▸ Work item
The line containing "朱丹向新生们介绍了启东校区的", and every line after it to the end of the listing, should be repeated exactly; the pictures should not.

▸ Dataset extract
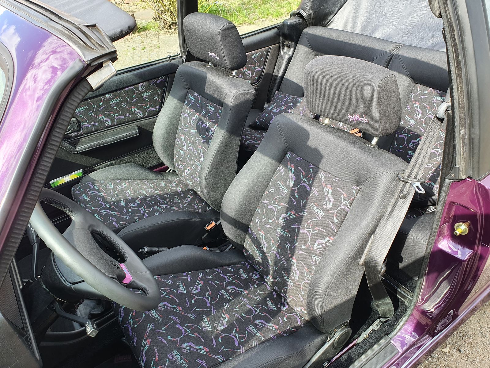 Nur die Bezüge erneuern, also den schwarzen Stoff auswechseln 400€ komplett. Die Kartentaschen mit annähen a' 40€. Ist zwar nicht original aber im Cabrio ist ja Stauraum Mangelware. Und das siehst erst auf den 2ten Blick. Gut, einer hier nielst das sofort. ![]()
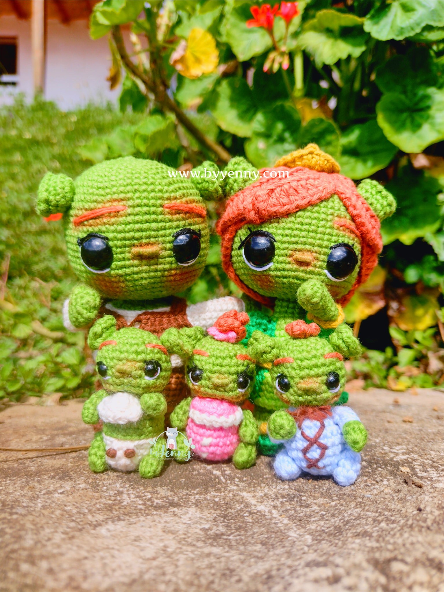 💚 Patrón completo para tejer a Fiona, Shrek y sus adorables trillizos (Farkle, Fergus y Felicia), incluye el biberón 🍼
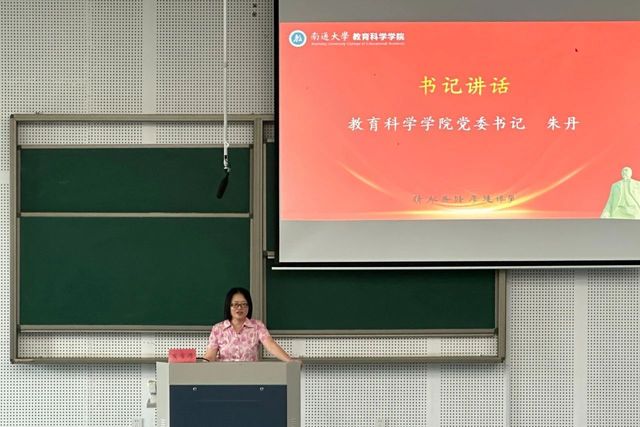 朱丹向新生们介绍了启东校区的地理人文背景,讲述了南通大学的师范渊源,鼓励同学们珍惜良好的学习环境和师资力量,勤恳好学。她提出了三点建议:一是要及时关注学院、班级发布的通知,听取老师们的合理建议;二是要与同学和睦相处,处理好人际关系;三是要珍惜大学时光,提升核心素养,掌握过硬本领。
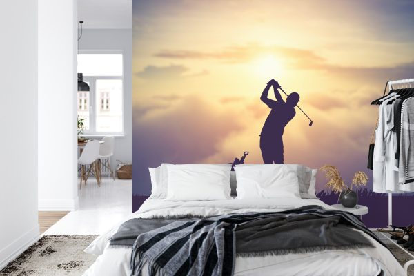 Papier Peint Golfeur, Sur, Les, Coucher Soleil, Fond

▸ Problem solution
 朱丹向新生们介绍了启东校区的地理人文背景,讲述了南通大学的师范渊源,鼓励同学们珍惜良好的学习环境和师资力量,勤恳好学。她提出了三点建议:一是要及时关注学院、班级发布的通知,听取老师们的合理建议;二是要与同学和睦相处,处理好人际关系;三是要珍惜大学时光,提升核心素养,掌握过硬本领。
 Papier Peint Golfeur, Sur, Les, Coucher Soleil, Fond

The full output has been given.